Three weeks after her disappointing run in the Eclipse, Time Charter was one of nine horses to contest the thirty-third running of Britain's most prestigious all-aged race, the King George VI and Queen Elizabeth Stakes over one and a half mile at Ascot. The 48-year-old veteran Joe Mercer took over from Newnes, who had been seriously injured in a fall on the training gallops nine days earlier. She started third favourite at odds of 5/1 behind the three-year-olds Caerleon and Sun Princess with the other runners including Awaasif, Lemhi Gold, Diamond Shoal and Lancastrian. Mercer held the filly up at the back of the field and was still five lengths behind the leaders when Diamond Shoal struck for home two furlongs from the finish. Time Charter made rapid progress on the outside to take the lead inside the final furlong and won by three-quarters of a length and a length from Diamond Shoal and Sun Princess.

Time Charter was then aimed at the Prix de l'Arc de Triomphe at Longchamp Racecourse and prepared for the race in the Prix Foy over the same course and distance in September. With Newnes again in the saddle, she overcame trouble in running to take the lead inside the last 200 metres and won easily by three-quarters of a length from All Along, who was carrying seven pounds less than the winner. On 2 October, Time Charter started the 3.25/1 favourite in a field of twenty-six runners for the Prix de l'Arc de Triomphe. She was in contention throughout the race and finished fourth, beaten a length, a neck and a nose by All Along, Sun Princess and Luth Enchantee, with female racehorses filling the first four places.
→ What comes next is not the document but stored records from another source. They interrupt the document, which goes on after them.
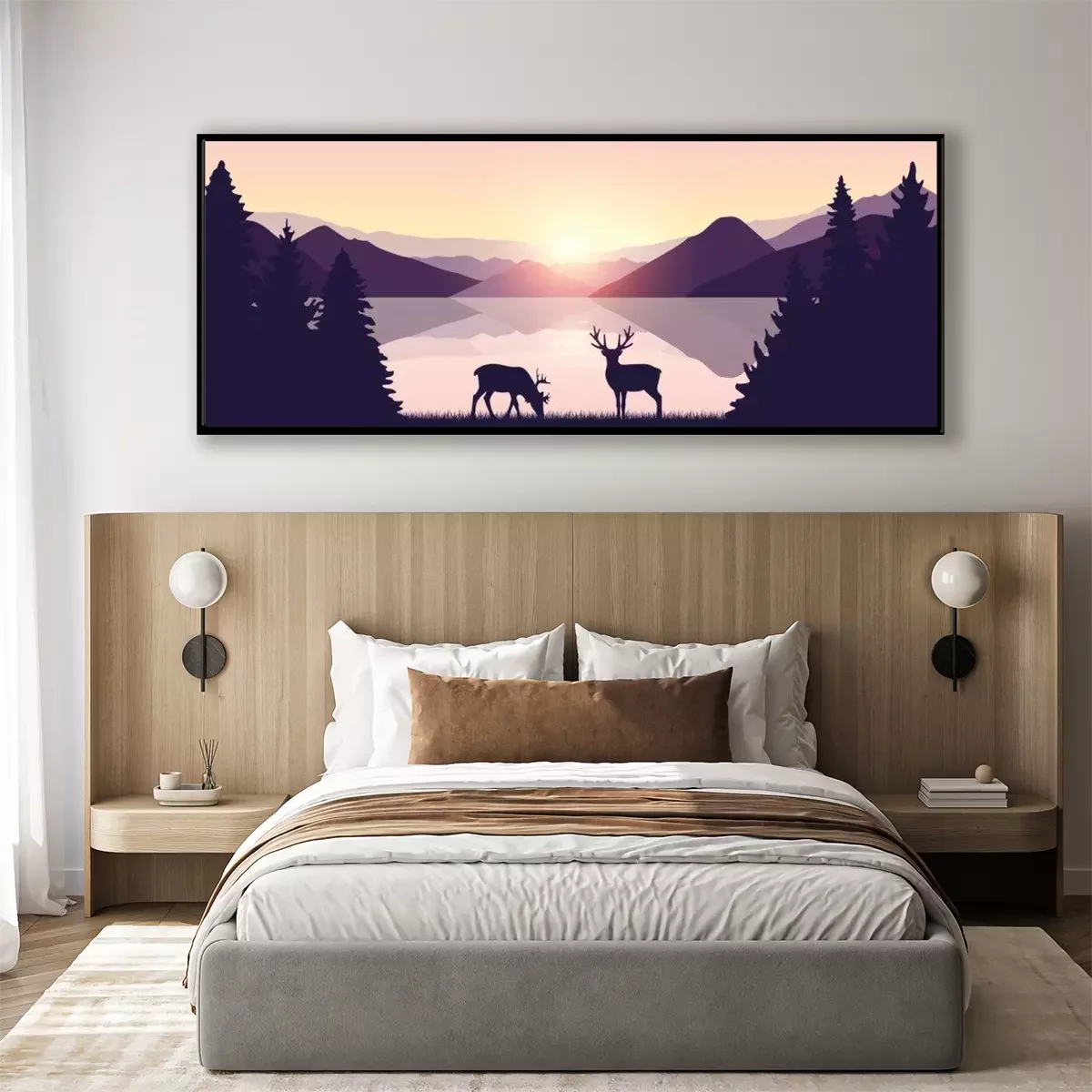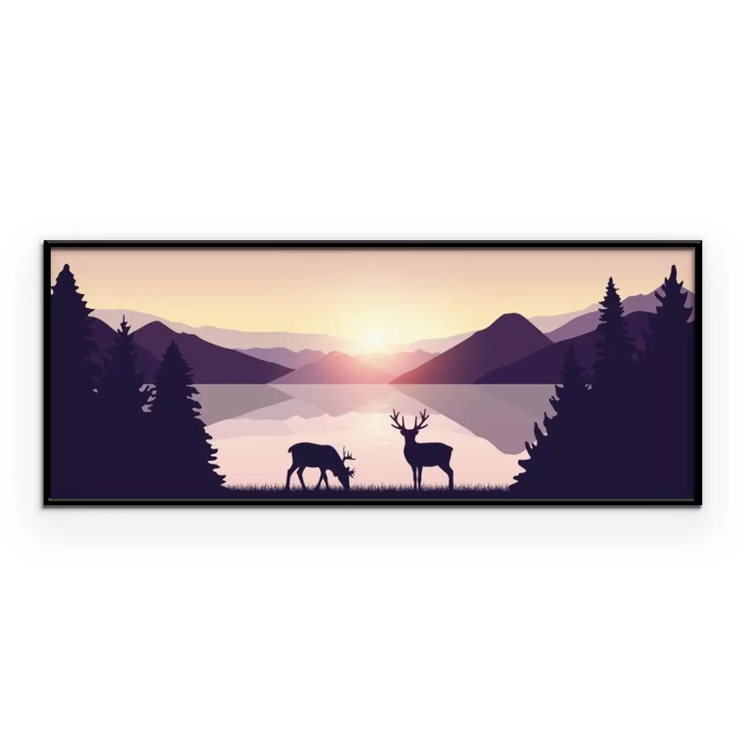 Poster : two reindeers by the lake at sunrise wildlife nature landscape vector illustration EPS10
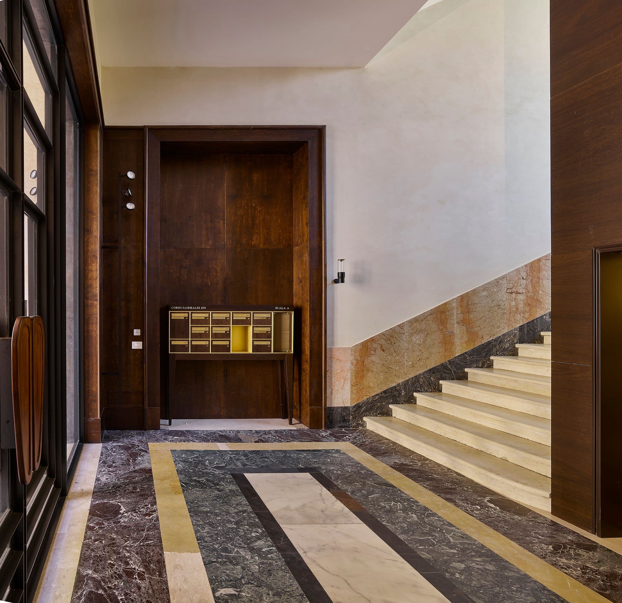 La scala principale è rifinita in seminato, l’ingresso presenta motivi déco in ferro e la decorazione si propaga a pianerottoli e corridoi, con illuminazione teatrale e finiture in marmo e ottone; le aree comuni riprendono materiali e decori preesistenti. Completano l’intervento un nuovo desk reception e il casellario postale.
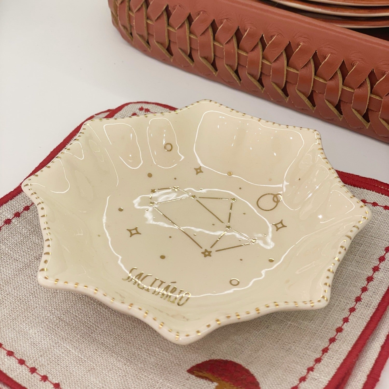 Para a decoração, peças cheias de personalidade como o pratinho signos são essenciais. Ele é feito de cerâmica e tem formato orgânico, além de que a constelação estampada e os detalhes da borda são feitos em ouro.
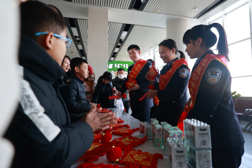 “两根青竹节节高,后面挂着大元宵——打一电话号码?”“110!”在猜灯谜环节,旅客们热情高涨、积极参与,民警将报警电话、安全提示等常识融入其中,为猜对灯谜的旅客送上精美的礼品。在活动最后,民警用好记易懂的反诈顺口溜向大家开展反诈宣传,提醒旅客注意出行安全。
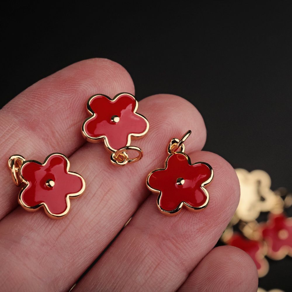 подвеска металл "незабудка", позолота/красный, 14.5x12x1.3 мм
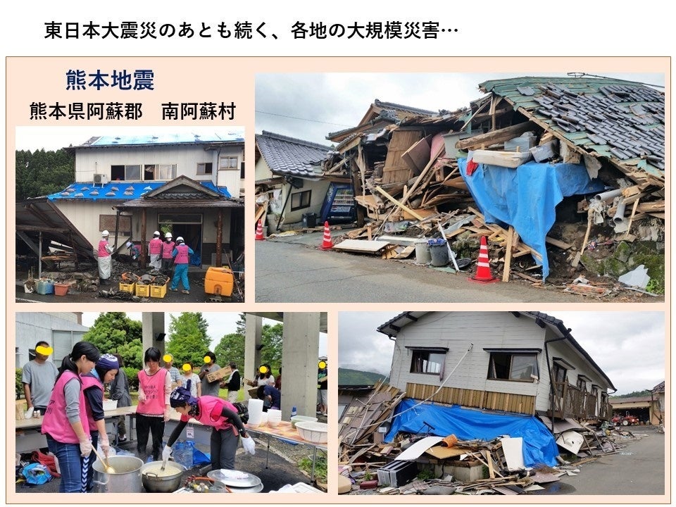 また、毎年のように各地で発生する大規模災害被災地へも赴き、この9年間の活動で192名(のべ446名)
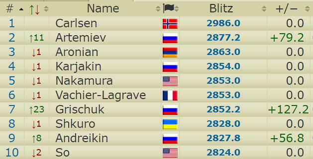 В блиц-рейтинге нет ничего привычно устойчивого. Единственный (!) островок стабильности - Карлсен, только он один.
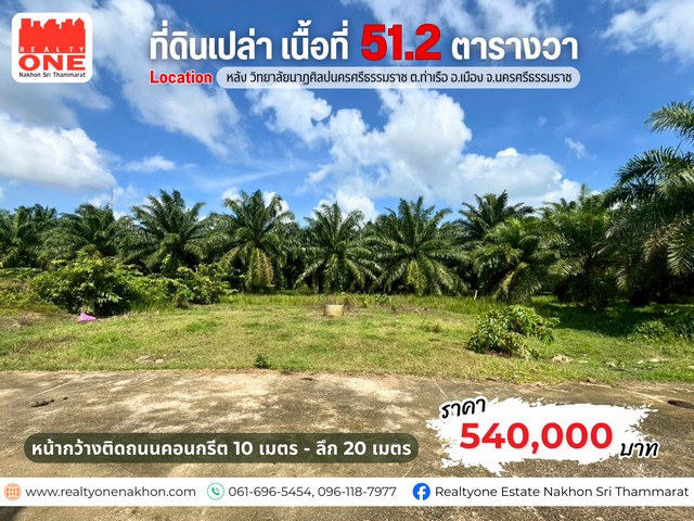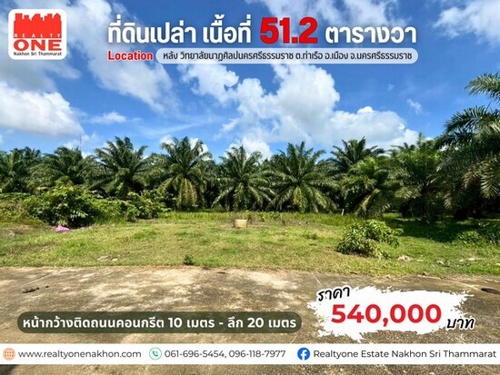 ที่ดินเปล่าแปลงสวย 51.2 ตารางวา ทำเลดี ใกล้เมืองนครศรีฯ ราคาสุดคุ้ม
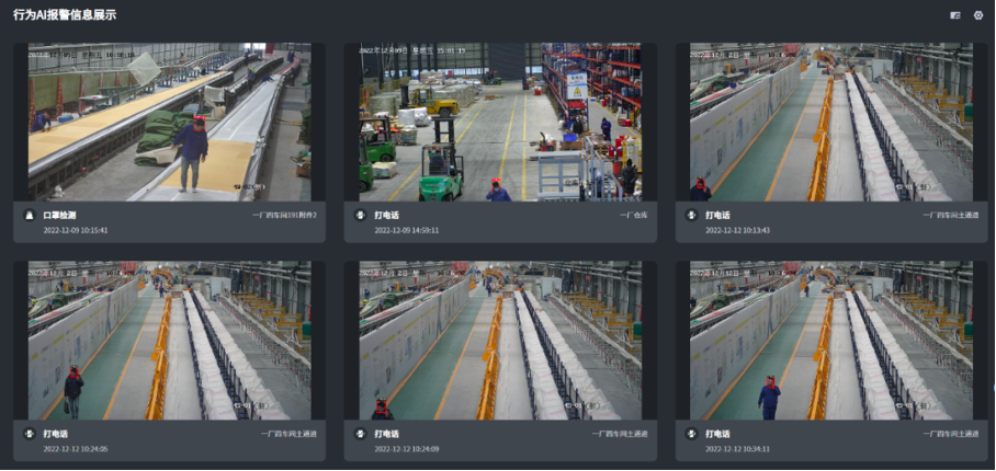 一期試點項目確認(rèn)在鹽城基地的成型車間、后處理車間、倉儲物流車間、化學(xué)品庫、危廢庫、垃圾場等場景根據(jù)管理需求部署未佩戴安全帽識別、未佩戴防塵口罩、打電話識別、攀爬欄桿作業(yè)識別、吊物作業(yè)下停留、煙火識別等鯤云通用AI算法。
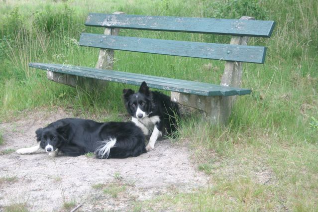 Het staat op een mooie herdershei die klein is en overzichtelijk. Vanaf het zonnige bankje kun je precies zien waar de honden lopen, en af en toe fluit je eens wat naar ze terwijl je een kopje koffie zet. Dacht ik.
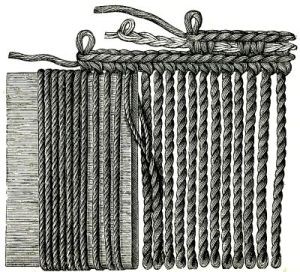 Another simple fringe is made by winding the worsted on a suitable-sized book, then cutting it through on one end, and knotting strands of four threads each into the edge of the rug.
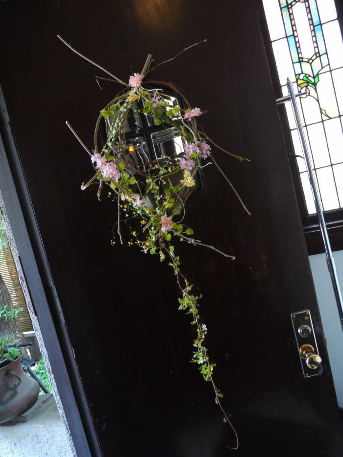 その窓にあうように枝を組んでリースをつくります。
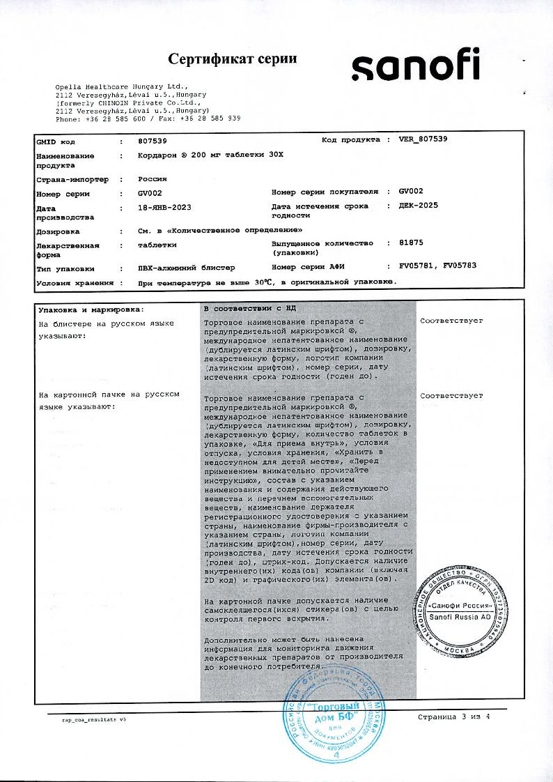 Со стороны сердечно-сосудистой системы: часто – брадикардия, обычно умеренная, выраженность которой зависит от дозы препарата; нечасто - нарушение проводимости (синоатриальная блокада, AV-блокада различных степеней), аритмогенное действие (имеются сообщения о возникновении новых аритмий или усугублении существующих, в некоторых случаях - с последующей остановкой сердца); на основании имеющихся данных невозможно определить, вызвано ли возникновение этих нарушений ритма действием препарата Кордарон®, тяжестью сердечно-сосудистой патологии или является следствием неэффективности лечения. Эти эффекты наблюдаются в основном в случаях применения препарата Кордарон® совместно с лекарственными препаратами, удлиняющими период реполяризации желудочков сердца (интервал QTс) или при нарушениях содержания электролитов в крови.
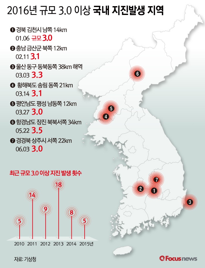 (서울=포커스뉴스) 3일 오전 경북 상주에서 지난 3월 규모 2.7의 지진 발생한 이후 또다시 규모 3.0의 지진이 발생했다. 기상청 자료를 보면 올해 국내에서 발생한 규모 3.0 이상의 지진은 7회로 한반도 전역에 지진에 대한 불안감이 높아지고 있다.
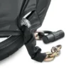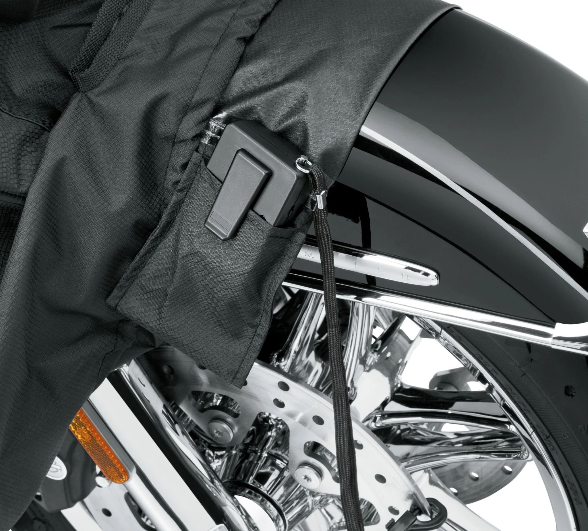 The skirt features front and rear adjustable drawstrings to cinch the cover around the bike, and a convenient belly strap to reduce ballooning in the wind & features a convenient opening near the front wheel for a security chain or cable. The internal pockets accept an optional Cover Alarm.
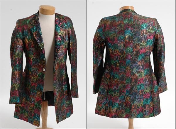 We have as colorful a jacket as we guarantee you have ever seen. Nope, It’s not from “Joseph And The Amazing Technicolor Dreamcoat.” It’s from the guitarist that all other guitarists wish they could be. Jeff Beck (a great guitar man in his own right) perhaps said it best when he told of seeing Hendrix in concert and then putting away his axe and refusing to play for an extended period of time. The reason was that he felt that he could never come close to what Hendrix could do. If you’re a Hendrix fan or just an appreciator of greatness you won’t be able to pass this one up. It’s a very multi-colored shiny suit jacket that Jimi actually wore. Five white buttons down the center, against a psychedelic background and in NRMT condition. The blue lined medium sized jacket has its original tag “Made in England Boutique Design Centre scott lester London” on the inside right, just below a pocket that has a thin piece of material matching the front running along its edge. If you acquire this jacket you still won’t be able to play Jimi’s memorable Star Spangled Banner but you will be easily seen if you’re in Crosstown Traffic with a Foxey Lady or two in your company.
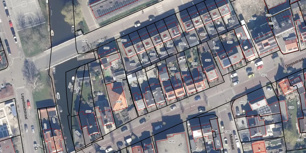 Gebruik de zoekbalk of klik op een perceel om informatie over het perceel te bekijken.
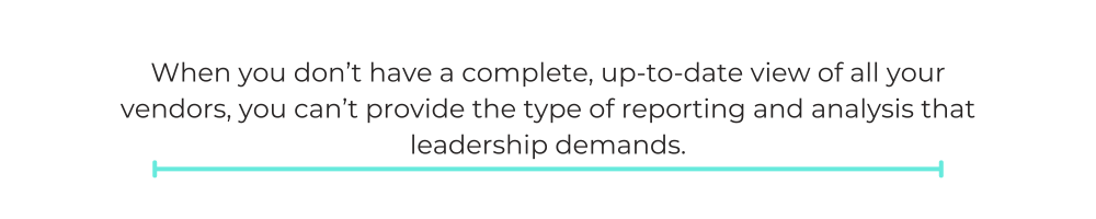 When you don’t have a complete, up-to-date view of all your vendors, you can’t provide the type of reporting and analysis that leadership demands.

===1984: five-year-old season===
Time Charter's training in the early part of 1984 was disrupted by a hip injury and she began her final season in the Coronation Cup at Epsom in June. She was matched for the third time against Sun Princess, with the other runners including Shearwalk (third in the Epsom Derby) and the top-class Irish filly Flame of Tara. Ridden by Steve Cauthen, she produced what was described as a "breathtaking performance", travelling very easily throughout the race before sprinting clear of her rivals in the final furlong to win by four lengths from Sun Princess. Time Charter was unable to add to her success in her three remaining races. At Sandown in July she appeared to be an unlucky loser in the Eclipse Stakes, failing to obtain a clear run in the straight and finishing very strongly to take second place, a neck behind Sadler's Wells. In the King George VI and Queen Elizabeth Stakes later that month she ran well, but never looked likely to repeat her 1983 victory finishing fourth behind Teenoso, Sadler's Wells and Tolomeo. Time Charter suffered from a "runny nose" in September, and on her final racecourse appearance she made little impact, finishing eleventh behind Sagace in the Prix de l'Arc de Triomphe.

==Assessment==
As a two-year-old, Time Charter was given a rating of 103 by the independent Timeform organisation. In the following year, Timeform rated her on 131, making her the equal-best three-year-old filly of the season alongside Akiyda and the best three-year-old of either sex trained in the United Kingdom. In the official International Classification she was rated six pounds inferior to Akiyda, an assessment which Timeform described as "impossible to understand" and "nonsense". As a four-year-old Time Charter was rated 130 by Timeform making her the second-best older horse of the season behind All Along (134). In the International Classification she was the third best older horse, behind All Along and Diamond Shoal. Timeform rated her on 125 in 1984, and following the announcement of her retirement, commented that her record "stands comparison with that of any British-trained middle-distance performer of her sex since the war".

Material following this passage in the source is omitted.